Growers Edge is certainly on board. “Some of the best research and solutions for many of the world’s most pressing issues have been born out of academic and private partnerships,” said Growers Edge CEO Dan Cosgrove. “In collaboration with our team, Professor Cheung and his student assistants have helped build a solution that can positively impact the entire U.S. ag industry for years to come. We value the contributions of Professor Cheung made on this project and look forward to finding creative solutions to problems in the future.”
As an applied mathematician, Cheung is always looking for impactful applications and once he realized that graph signal processing was applicable to crop yield prediction, he and Eadie started to collaborate.

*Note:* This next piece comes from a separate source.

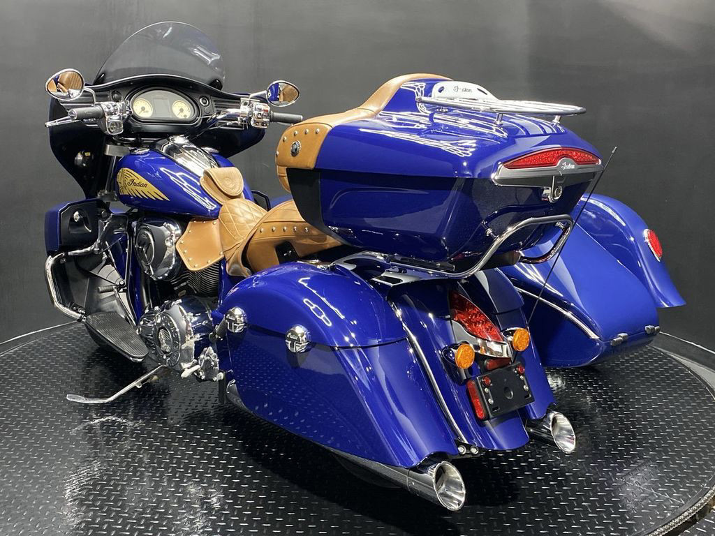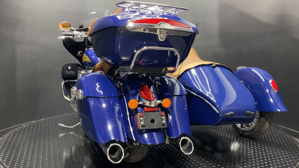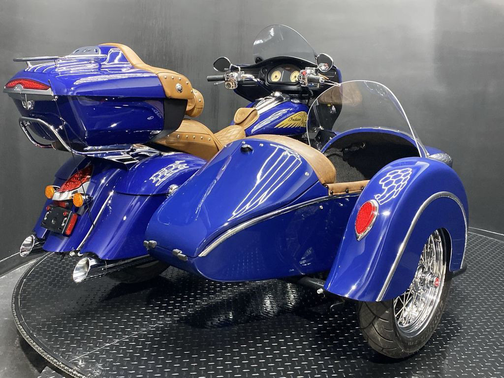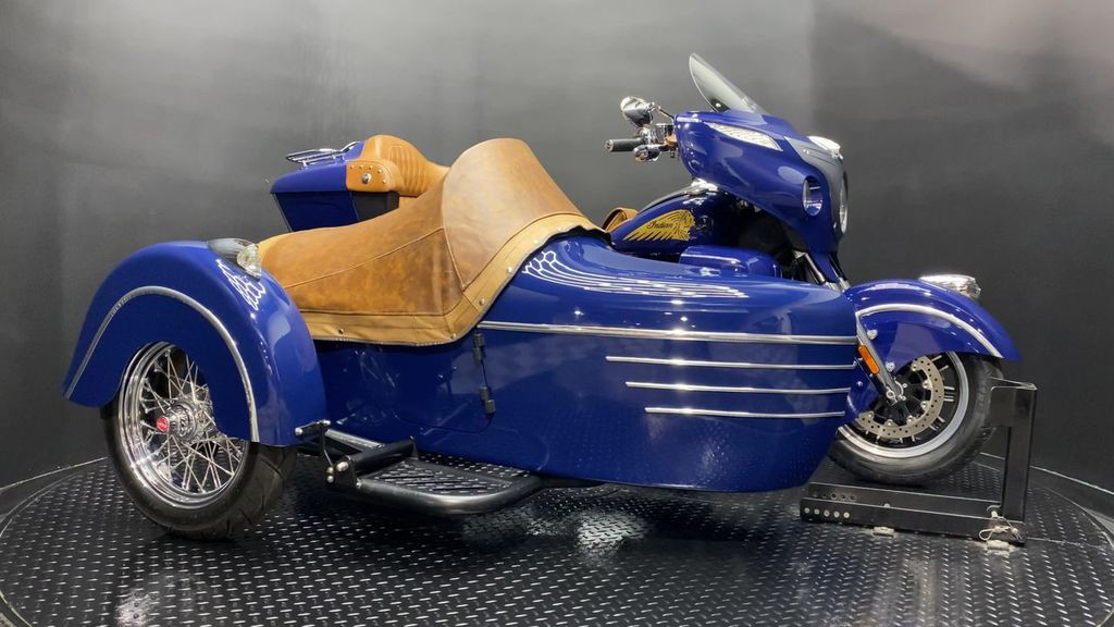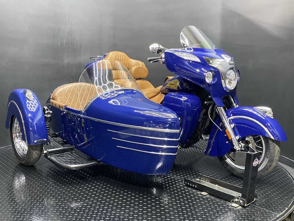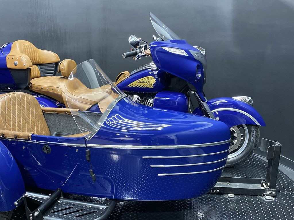 YOU ARE LOOKING AT A 2014 INDIAN CHIEFTAIN WITH SIDECAR AND 10,785 MILES ON IT. IT IS SPRINGFIELD BLUE IN COLOR AND POWERED BY A 1811CC (111") FUEL INJECTED ENGINE AND 6 SPEED TRANSMISSION. THE BIKE COMES WITH ABS BRAKES, CRUISE CONTROL, 2 KEYS, AND 1 FOB. THERE ARE SOME EXTRAS ON THE BIKE WHICH INCLUDE DMC SIDECAR ($13,600.95), PERFORMANCE SLIP-ON MUFFLERS ($839.95), LEATHER HEAT SHIELD ($169.95), RIDER BACKREST ($429.95), DASH POUCH ($119.95), TOUR TRUNK ($1,999.95), SEAT ($1,099.95), AND LOWER FAIRINGS ($999.95). THERE ARE NO SCRATCHES, DENTS, OR DINGS THAT I CAN FIND WITH THE EXCEPTION OF TOUCHUPS ON THE FRONT FENDER, TANK, SMALL TOUCHUPS ON THE SIDECAR, AND IMPERFECTIONS IN THE FINISH. THE CHROME AND ALUMINUM ARE IN GOOD CONDITION WITH THE EXCEPTION OF FLAKING ON THE FRONT FENDER TRIM AND SIDECAR FENDER TRIM. THE TIRES HAVE GOOD TREAD LFFT ON THEM.

Cheung is now an advisor on the Grower Edges Data Advisory Board, and his PhD student, Saghar Bagheri, has started a Mitacs internship at Growers Edge. Their next step is to continue refining their model and design the best possible graph for the deep learning architecture.
“It has definitely been a challenging but exciting experience,” says Eadie. “We’re discovering newer and more innovative ways to tackle a problem that ultimately helps and empowers farmers.”